#!/usr/bin/env python3
"""m2_charge_wins.py — who wins when nothing is driving?  (S1a toolbox, M2)

A switch-level engine resolves a *purely floating* transistor group — no GND
path, no VCC/pull-up, no external driver — by letting "the largest capacitance
win": the group takes the remembered state of its biggest node.  But the
engines in this family (Visual6502 -> MetalNES -> AprVisual.S1) never had real
capacitance, so they use a proxy:

    conn(node) = (#times node is a transistor channel terminal c1/c2)
               + (#times node is a transistor gate)          # S1: WireCore.cs

with ties broken by graph-walk order — a structural accident, not physics.

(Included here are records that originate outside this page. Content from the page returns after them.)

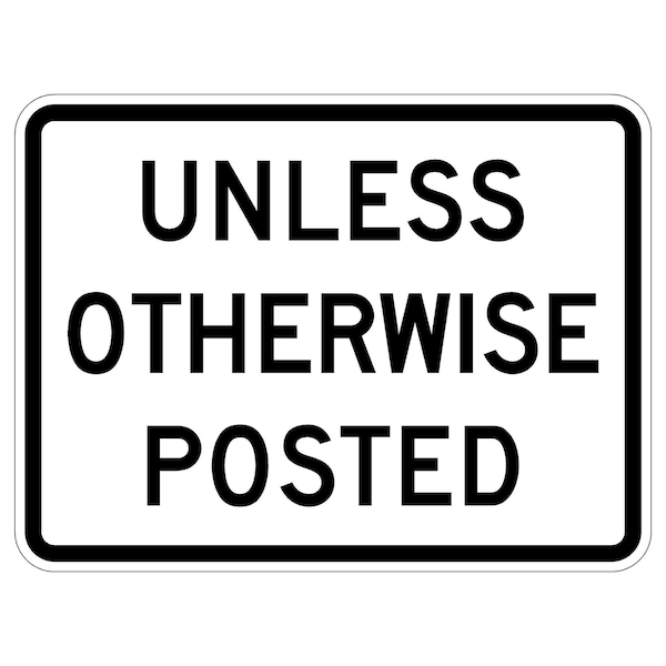 Unless Otherwise Posted 36X24 Diamond Grade Cubed Reflective .125 Aluminum Thickness - Sign Spec's: MUTCD:, R2-5P, Sign Category:, Regulatory, Header/Legend:, Unless Otherwise Posted, Legend, Text Color:, Black, Background Color:, White, Aluminum Grade & Temper:, 5052-H38, Hole Punch Pattern:, Federal Punch: 4 Holes, 2 Post Mount T&B Inset 3, L&R Inset 6, Hole Diameter: 7/16 , Hole Punch Shape:, Round, Radius Corners: , 1.5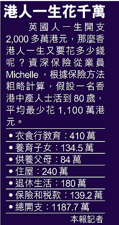人生營營役役:小時候有父母照顧;長大後要自食其力;老來又要為子女憂心,籌謀晚年生活。究竟活一生要花多少錢呢?答案當然因人而定,但據英國保誠保險公司計算,每名英國人一生的平均總開支大約是一百五十萬英鎊,相當於二千二百萬港元。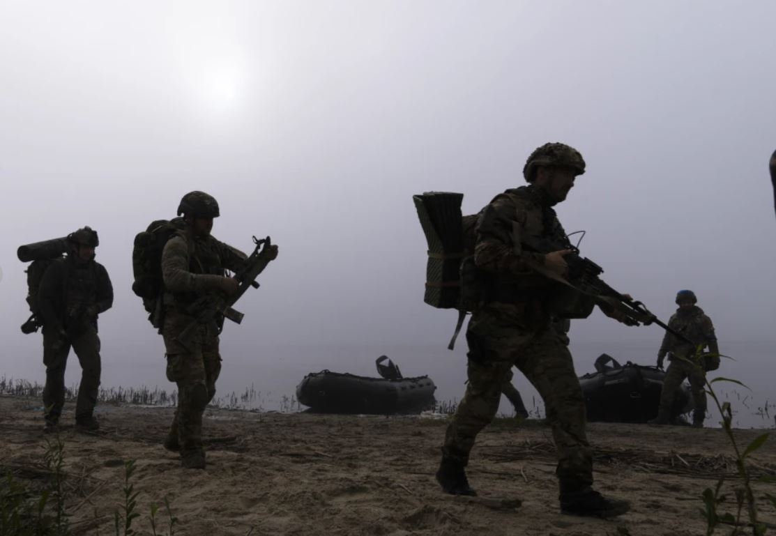 Các binh sỹ Ukraine đi dọc sông Dnipro. Ảnh: AP

The die itself knows better.  segdefs carries every silicon polygon (layer +
vertex list) and transdefs carries every gate's W×L.  Real node capacitance is
dominated by gate oxide (~1.0 fF/um^2) plus wiring area (metal ~0.03, poly
~0.04, diffusion ~0.10 fF/um^2 — Mead & Conway era NMOS priors).  Only the
*ratios* matter for a verdict, so unit calibration is unnecessary:

    C_phys(node) = sum_polygons area(node, layer) * W[layer]
                 + sum_{t : gate(t)=node} gate_area(t) * W_gate

This script computes both scores for every node, then holds the election that
actually matters: for every *pass-gate pair* (a transistor whose two channel
terminals are both signal nodes — exactly the 2-node floating groups that
dominate the engine's <1% floating branch), it asks: does the engine's
connection-count verdict agree with the physical-capacitance verdict?

Outputs: a console report, a JSON summary, and three SVG figures.

Usage (bring your own Visual6502-style netlist files — not vendored here):
    python m2_charge_wins.py --segdefs visual2a03-segdefs.js \
        --transdefs visual2a03-transdefs.js --nodenames visual2a03-nodenames.js \
        --label 2A03 --outdir out/

Netlist note: use the CORRECTED data/system-def/ netlist (the raw upstream
Visual6502 2A03 dump dropped two real pull-downs, t13032b + t14634b); the raw
is inherently distorted for the APU-decode region.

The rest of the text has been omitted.